From Natalie Angier’s Basics column in todays NY Times, Green, Life-Giving and Forever Young.

Show somebody a painting of a verdant, botanically explicit forest with three elk grazing in the middle and ask what the picture is about, and the average viewer will answer, “Three elk grazing.” Add a blue jay to the scene and the response becomes, “Three elk grazing under the watchful eye of a blue jay.”

What you’re unlikely to hear is anything akin to, “It’s a classic temperate mix of maple, birch and beech trees, and here’s a spectacular basswood and, whoa, an American elm that shows no sign of fungal infestation and, oh yeah, three elk and a blue jay.”

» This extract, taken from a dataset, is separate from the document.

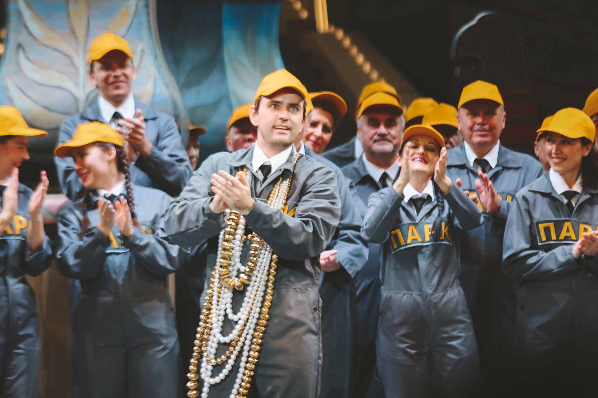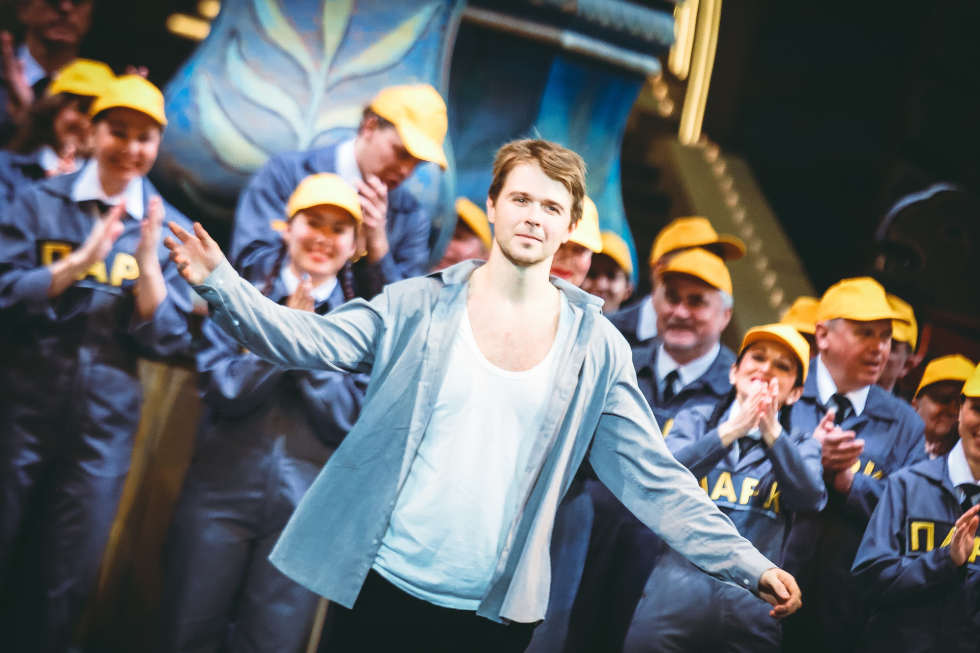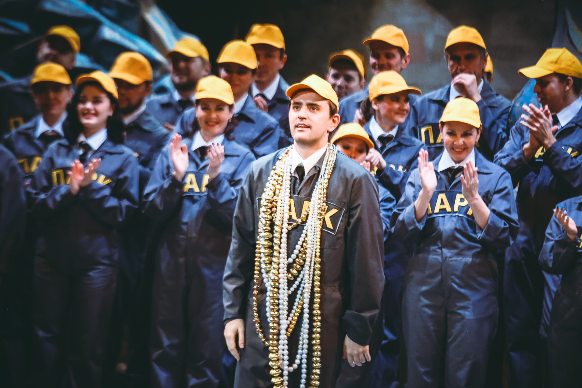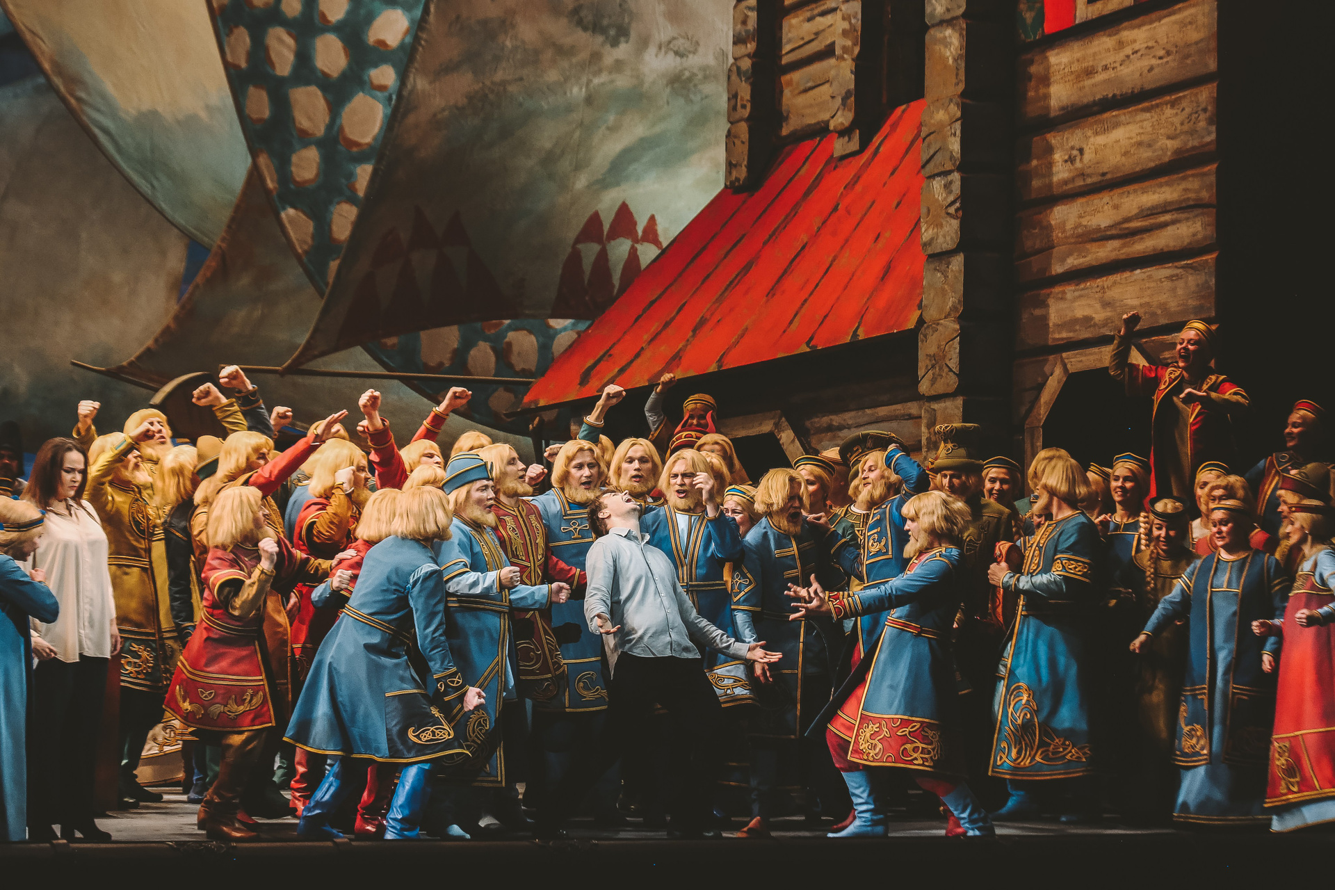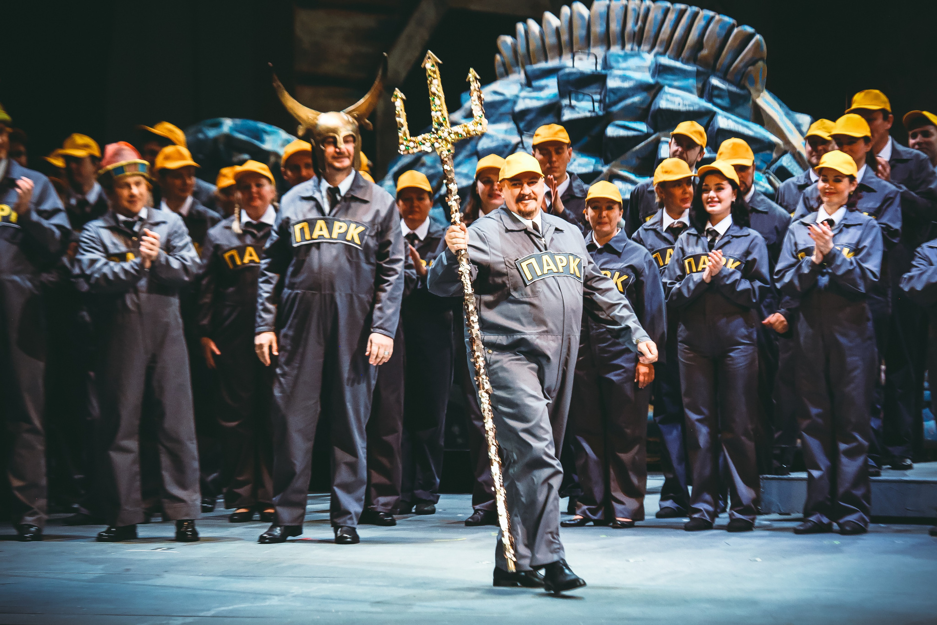 Зато главных героев набралось два состава. Если Екатерина Семенчук и Ксения Дудникова в вокальном и актерском плане выступили одинаково убедительно в роли Любавы, то из двух Волхов ближе мне оказалась Надежда Павлова — более изысканная, эмоциональная (и точно интонирующая), хотя стоит признать, что Аида Гарифуллина очень точно соответствовала необходимому образу гламурной дивы — ей тут даже играть особо не нужно, просто быть собой. Настоящих драматических теноров же, способных осилить требовательную партию Садко, сейчас днем с огнем не сыщешь, но тут, надо сказать, нам повезло: у Нажмиддина Мавлянова из первого состава, незаурядный талант и уникальный голос, будто созданный для данной партии, а Иван Гынгазов взял органичностью и драматическим дарованием, тем более задача была поставлена незаурядная — сыграть человека, который лишь изображает былинного Садко. Так что чутье не подвело Чернякова и позволило ему блестяще использовать типажи всех солистов.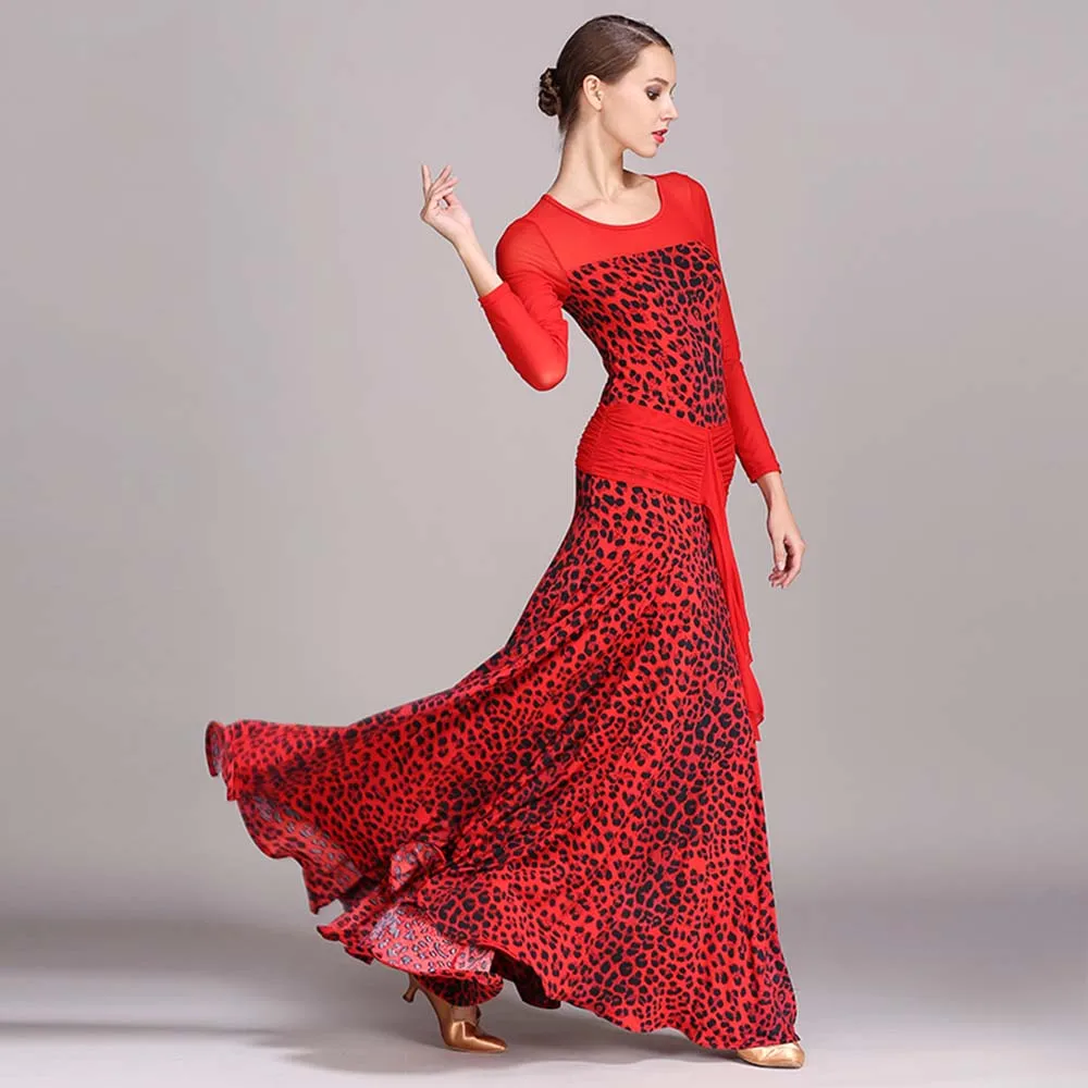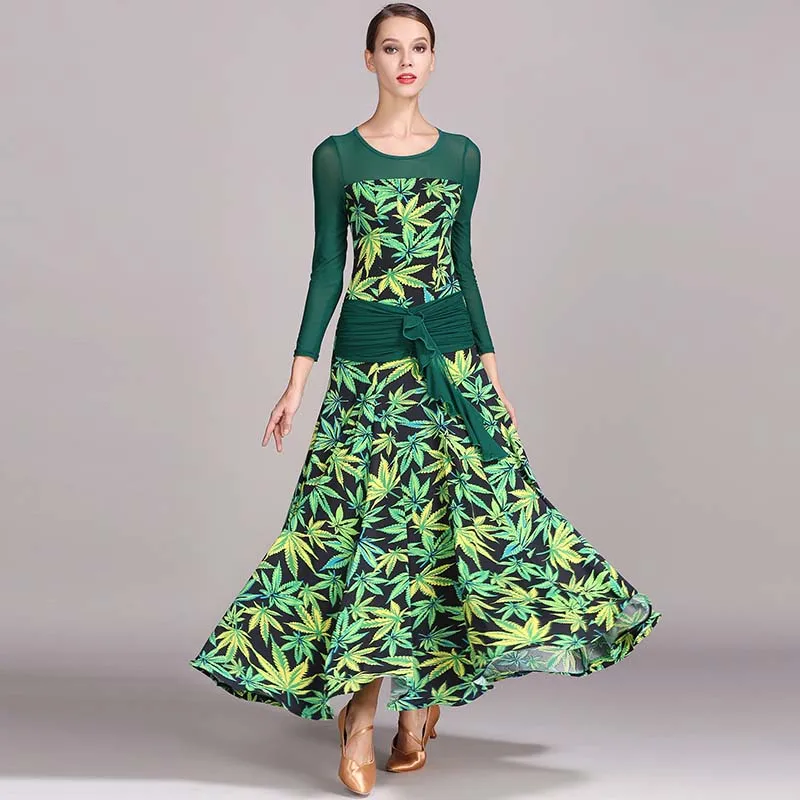 Special Product 2020 Ballroom Dance Competition Dresses Waltz Dress Standard Dance Dresses Elegant D0374 Big Ruffled Hem Mesh Sleeve

According to Peter H. Raven, director of the Missouri Botanical Garden, many of us suffer from an insidious condition called “plant blindness.” We barely notice plants, can rarely identify them and find them incomparably inert. Do you think that you will ever see a coma as vegetative as a tree? “Animals are much more vivid to the average person than plants are,” Dr. Raven said, “and some people aren’t even sure that plants are alive.”

I don’t suffer from this malady. I notice plants everywhere I go. I notice the plants in movies. I remember as a kid noticing that all the westerns seemed to be filmed in the same oak grove in California that didn’t look at all like where the western supposedly took place.